Why study model calibration under noisy data?
A few years ago, Claudia Perlich wrote on Quora that “linear models are surprisingly resilient to noisy data.”
That line stuck with me because it contradicts the common instinct to reach for deeper or more powerful models when the data gets messy.
I wanted to revisit that claim, reproduce it in a small controlled setup, and then extend it a bit:
What happens when we add feature noise instead of switching labels?
And how does calibration (how well predicted probabilities align with reality) break down under both types of noise?
TL;DR
- Linear models degrade gracefully when noise increases; their bias acts as regularization.
- Tree ensembles hold AUC longer under moderate feature noise, but their calibration collapses faster.
- Once labels are corrupted, no model survives: information is lost, not just hidden.
- Calibration helps, but only while the underlying signal still exists.
Approach
The idea was to simulate a clean, linearly separable world and then contaminate it in a controlled way.

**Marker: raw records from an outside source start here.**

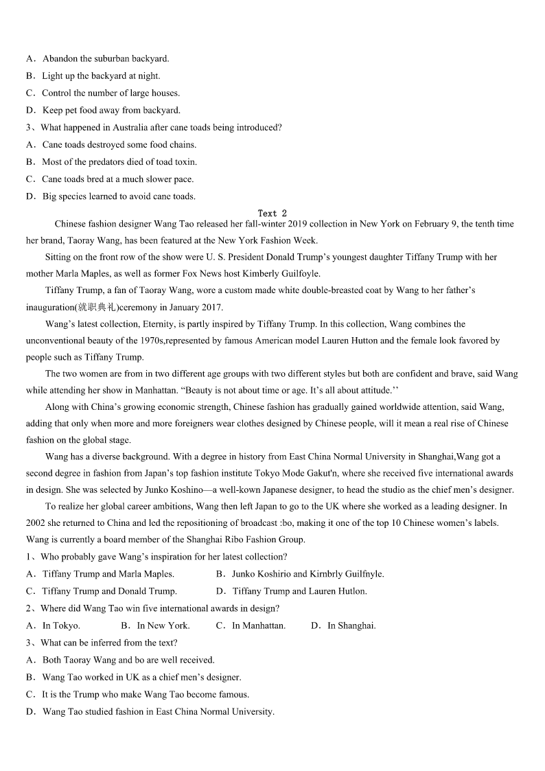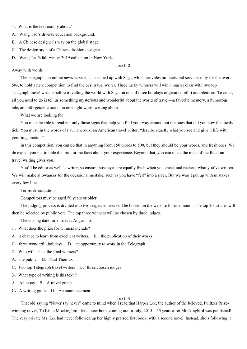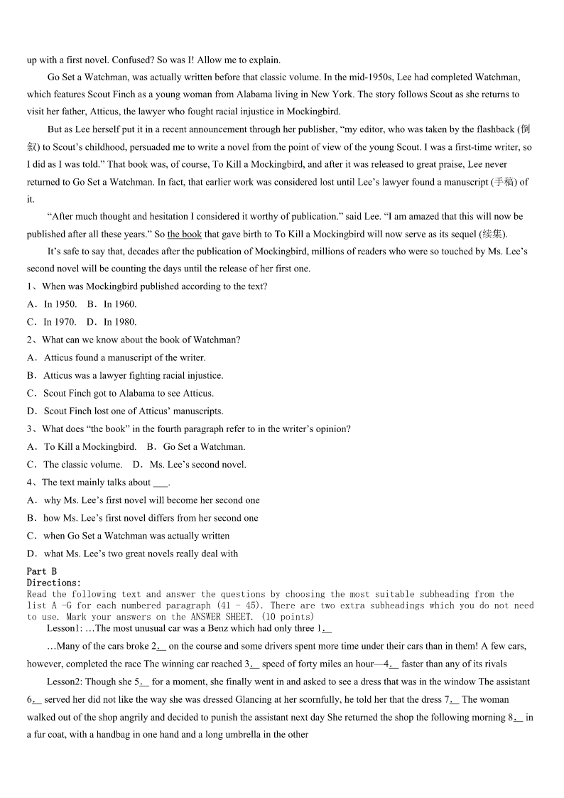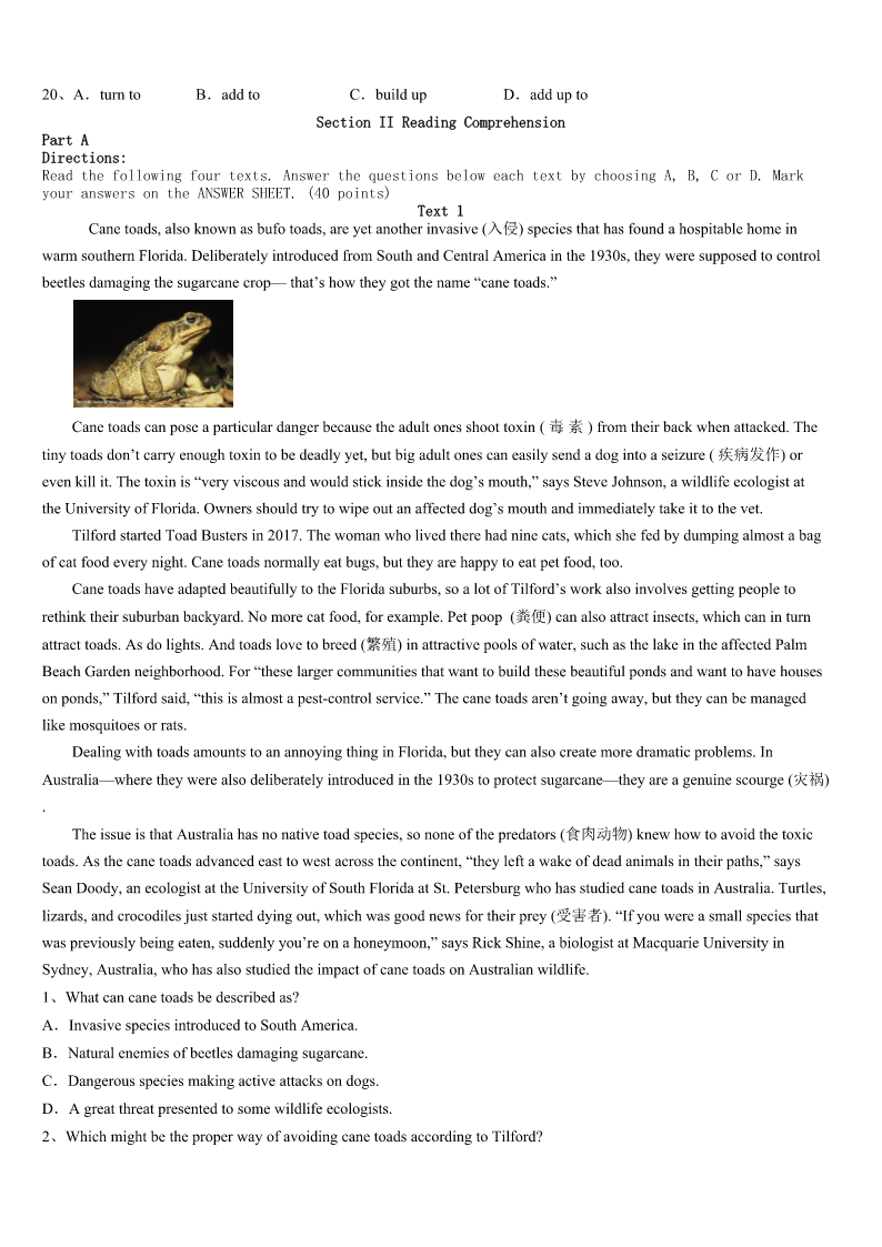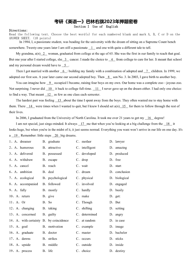 考研《英语一》巴林右旗2023年押题密卷 SectionIUseofEnglish Directions: Readthefollowingtext.Choosethebestword(s)foreachnumberedblankandmarkA,B,CorDonthe ANSWERSHEET.(10points) In1984,I,apassionatestudent,wasbeadingfortheuniversitywiththedreamofsittingonaSupremeCountbench somewhere.Twenty-oneyearslaterIamstillapassionate1andonewithquiteadifferenttaletotell. Mygrandma,a(n)2woman,graduatedfromcollegeattheageof65.Shewasthefirstinourfamilytoreachthatgoal. ButoneyearafterIstartedcollege,she3cancer.Imadethechoiceto4fromcollegetocareforher.Itmeantthatschool andmypersonaldreamwouldhaveto5. ThenIgotmarriedwithanother6:buildingmyfamilywithacombinationofadoptedand7children.In1999,we adoptedourfirstson.Ayearlatercameoursecondadoptedboy.Then8sonNo.3.In2003,Igavebirthtoanotherboy. Youcanimaginehow9occupiedIbecame,raisingfourboysonmyown.Ourhomewasacompletezoo—joyouszoo. Notsurprising.Ineverdid10itbacktocollegefull-time.11Inevergaveuponthedreameither.Ihadonlyonechoice: tofindaway.Thatmeant12asfewasoneclasseachsemester. Thehardestpartwasfeeling13aboutthetimeIspentawayfromtheboys.Theyoftenwantedmetostayhomewith them.There14weretimeswhenIwantedtoquit,butIknewIshouldseta(n)15forthemtofollowthroughtherestof theirlives. In2006,IgraduatedfromtheUniversityofNorthCarolina.Ittookmeover21yearstogetmy16degree! Iamnotspecial,justsinge-minded.Italways17methatwhenyou’relookingatabigchallengefromthe18it lookshuge,butwhenyou'reinthemidstofit,itjustseemsnormal.Everythingyouwantwon’tarriveinourlifeononeday.It's a19Remember:littlesteps20bigdreams. 1、A.dreamerB.graduateC.motherD.lawyer 2、A.humorousB.attractiveC.intelligentD.amazing 3、A.deliveredB.possessedC.developedD.produced 4、A.withdrawB.escapeC.dropD.free 5、A.cancelB.reachC.waitD.start 6、A.ambitionB.dealC.dreamD.conclusion 7、A.ecologicalB.psychologicalC.physicalD.biological 8、A.accompaniedB.followedC.involvedD.engaged 9、A.fullyB.mostlyC.hardlyD.busily 10、A.returnB.giveC.makeD.get: 11、A.OrB.SoC.ThoughD.But 12、A.changingB.takingC.shiftingD.setting 13、A.concernedB.guil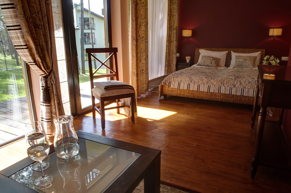 Viešbutyje siūlome rinktis 18 standartinių kambarių. Patogūs viešbučio kambariai ir jaukiai įrengtos vilos išsiskiria santūriu, nepriekaištingu stiliumi, švelnių spalvų ir formų detalėmis. Viešbutyje nėra lifto. Į viršutinius aukštus galima pakilti tik laiptais.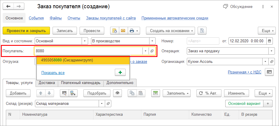 Например, при создании заказа начните вводить номер телефона в поле Покупатель и программа предложит вам подходящие варианты из справочника Контрагенты.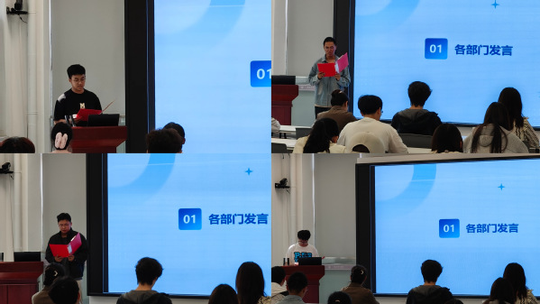 实践部部长王禹皓、策划部部长王义甫、办公室部长翟家桢、网宣部部长陈狄作为各部门代表,分别对过去一学年的工作内容做出总结,对新学年的工作计划做出安排,强调了团队共同努力的重要性,表达了对新成员开拓创新与积极参与工作的期许,共同书写彩虹心理协会的新篇章。新部员代表杨秋爽同学以充满激情的发言,表达了自己加入心协的憧憬,并承诺将以饱满的热情和坚定的信念,投入到组织的各项工作中,为彩虹心理协会贡献自己的力量。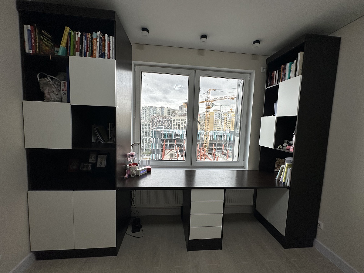 Заказ 00000150058. Письменный стол - целая творческая зона. Поверхность большая — хватает места и для творчества, и для учебы. С двух сторон удобные шкафы с полками и закрытыми секциями — можно аккуратно разложить все материалы, игрушки и тетради. Ящики вместительные, легко открываются.Отдельное спасибо службе поддержке, за уточнение деталей и объяснение как будет удобнее.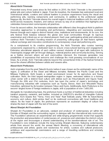 9/16/25, 10:30 AM Aichi Triennale opens its sixth edition curated by Hoor Al Qasimi - SGMB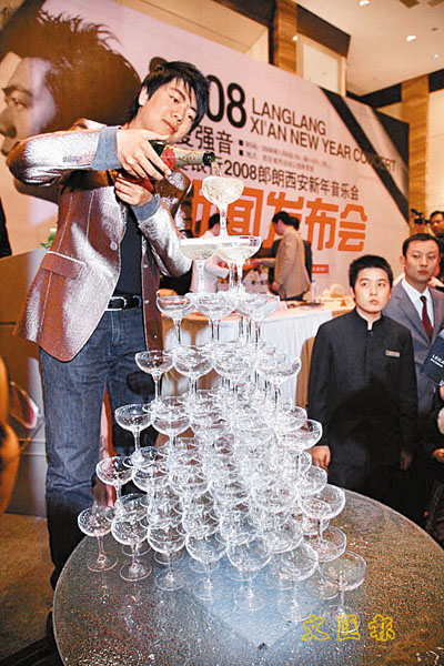 ■郎朗親自為到場嘉賓斟滿香檳,祈求2008年工作順利。本報記者段維 攝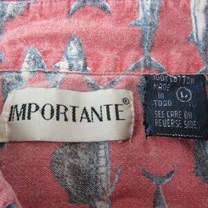 Vintage Importante Fish Design Long Sleeve Button Down Collar Shirt Size L

- Data: 10 features, 5 informative, synthetic binary target generated with the
make_classificationmethod from sklean. - Noise:
- Label noise: randomly flipping 0↔1 with probability p.
- Feature noise: adding Gaussian or Laplace perturbations, scaled to each feature’s standard deviation.
- Models:
Logistic regression, Random Forest, and XGBoost, with and without isotonic calibration. - Metrics:
AUC for discrimination; Expected Calibration Error (ECE) for reliability.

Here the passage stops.